September 29, 2009
I am writing in regards to proposed rule change that the Financial Industry Regulatory Authority (FINRA)has filed with the Securities and Exchange Commission (SEC) concerning a proposed change to FINRA`s regulatory pricing structure by increasing the Personnel Assessment (PA) and Gross Income Assessment (GIA) fees it charges financial advisors and broker-dealers, respectively. We have all gone through adjustments in income. When I say all, I am including our clients, ourselves and anyone associated with the securities business. The market conditions were not a surprise and we`ve all had to adjust. The last 6 weeks have certainly made people happy and are helping to bring stability back into the market. I do not think that the fee structures need to be changed in order to stabilize revenues used to fund FINRA`s regulatory activities. It`s already happening through market changes.

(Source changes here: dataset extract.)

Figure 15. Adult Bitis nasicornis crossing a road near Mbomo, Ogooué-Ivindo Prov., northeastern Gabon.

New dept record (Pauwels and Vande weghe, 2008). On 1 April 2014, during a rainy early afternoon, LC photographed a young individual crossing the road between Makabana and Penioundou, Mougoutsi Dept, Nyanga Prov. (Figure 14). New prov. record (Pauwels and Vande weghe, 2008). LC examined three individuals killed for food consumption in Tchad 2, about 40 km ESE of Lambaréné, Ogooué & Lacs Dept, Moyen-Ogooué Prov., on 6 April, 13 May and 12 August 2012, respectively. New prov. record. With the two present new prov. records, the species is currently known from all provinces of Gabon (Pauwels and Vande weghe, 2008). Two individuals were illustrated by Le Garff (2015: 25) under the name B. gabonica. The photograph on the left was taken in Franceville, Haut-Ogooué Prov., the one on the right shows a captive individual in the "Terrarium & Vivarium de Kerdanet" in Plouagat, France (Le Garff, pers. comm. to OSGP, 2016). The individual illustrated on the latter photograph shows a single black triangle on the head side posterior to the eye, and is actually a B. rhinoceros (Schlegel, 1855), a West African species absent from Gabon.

I believe FINRA`s failure to properly prepare for the inevitable market downturn is the root cause of their operating cash flow concerns. It is unfair to burden broker-dealers, financial advisors and their clients, all of whom have all suffered greatly during the recent market downturn, with these additional fee assessments. More specifically, the doubling of the PA is simply unjustified by any reasonable calculation of inflation over the five-year period since the last increase in the PA. Additionally, the proposed method of calculation for the GIA will only heighten the disproportionate regulatory cost borne by independent broker-dealers, financial advisors, and their clients.
I request that the SEC reevaluate FINRA`s rule proposal to increase the PA and GIA it assess on its members and request that FINRA develop an alternative approach to fund raising in an effort to sustain itself.